Пенни хватило десяти минут, чтобы понять: занятия по написанию художественных произведений (по четвергам в восемь утра) станут ее любимым курсом. Стоит отметить, что класс был полон, несмотря на мучительное время начала. Уроки проходили в маленьком кабинете, не сравнимом с «американской историей» или обычным «английским 301», которые шли в просторных лекционных залах с сиденьями как на стадионе и экраном, свисающим с потолка, чтобы даже с галерки можно было видеть лицо преподавателя. В этом классе помещалось человек двадцать за высокими школьными партами, с прикрепленными к столу стульями.

Для профессора Джей-Эй Хэнсон была молода – всего-то двадцать восемь лет. В двадцать два она написала получивший признание критиков роман «Мессия», классический постапокалиптический сюжет, за который ей дали премию «Хьюго». То, что Джей-Эй – женщина, всем взорвало мозг. Критики и фансайты были убеждены, что Джей-Эй Хэнсон – мужчина, особенно учитывая, что тогда нигде не было ее фотографий и никто не знал, как расшифровывается «Джей-Эй».

Пенни открыла для себя научную фантастику вскоре после того, как прочитала «Маус». Она начала сама писать короткие рассказы в качестве хобби, и хотя в ее школе был литературный журнал, Пенни и не думала что-то в нем публиковать.
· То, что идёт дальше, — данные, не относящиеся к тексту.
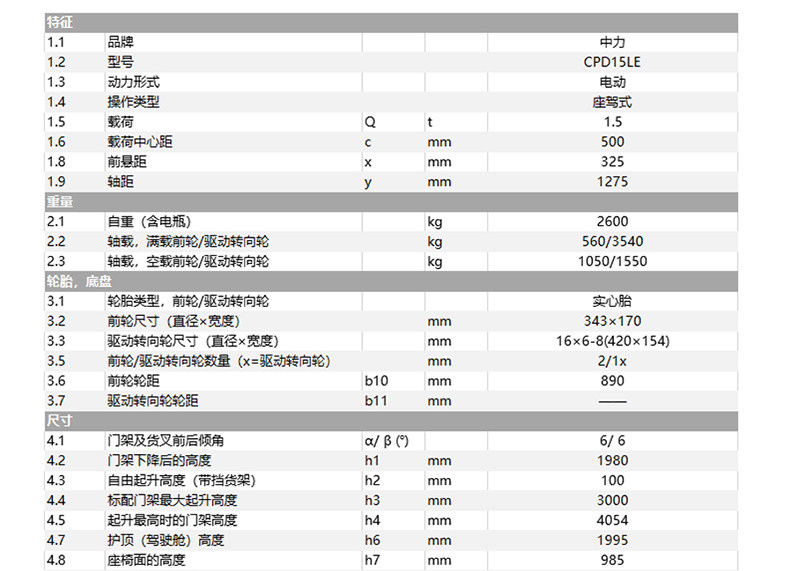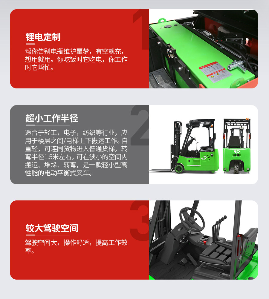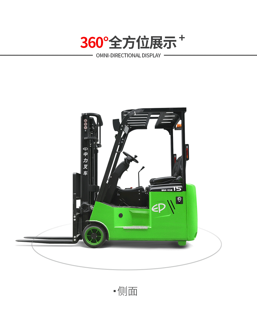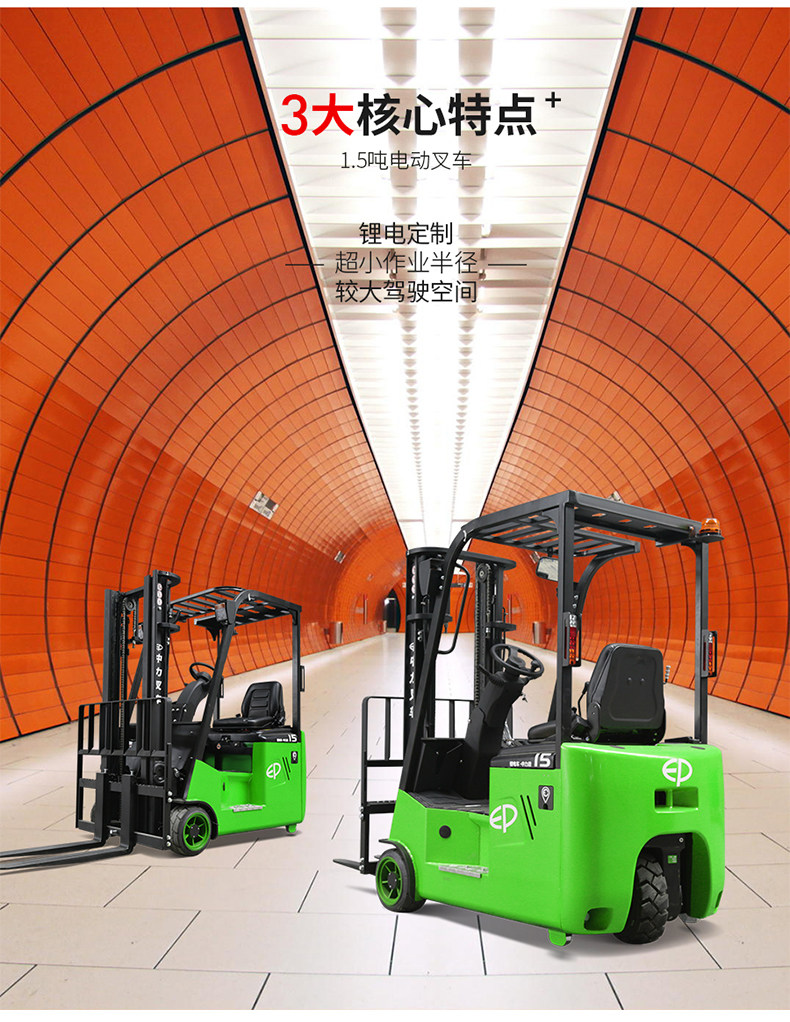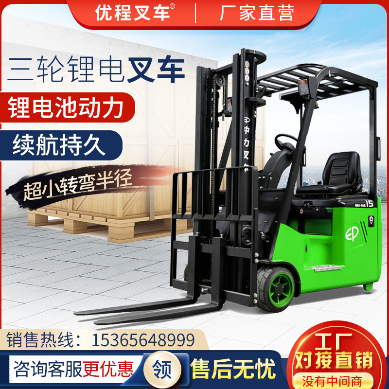 Zhongli 1,5 тонны трех -фульпрокат -электрических вилочных погрузчиков Загрузка батареи и разгрузки

Не помогло и то, что на уроках английской литературы для продвинутых в одиннадцатом классе они прочитали «Лотерею» Ширли Джексон – практически «Голодные игры», только написанные в сороковых и с неожиданным поворотом сюжета в финале.

Они всю неделю придумывали рассказы с непредсказуемыми концовками, и Пенни написала свой с точки зрения шестнадцатилетнего швейцарского мальчика в 2345 году, который проснулся, точно зная, когда он умрет. Мальчик обдумал, какими должны быть его последние поступки, и решил провести день точно так же, как провел бы в обычных обстоятельствах: играя в шахматы со своим лучшим другом Горди. Его больше всего радовали простые и надежные повседневные детали; неожиданный ход заключался в том, что он не умер, а просыпался каждое утро с одной и той же мыслью в сумасшедшем доме, где у него не оставалось иного выбора, как делать то, что запланировали для него врачи.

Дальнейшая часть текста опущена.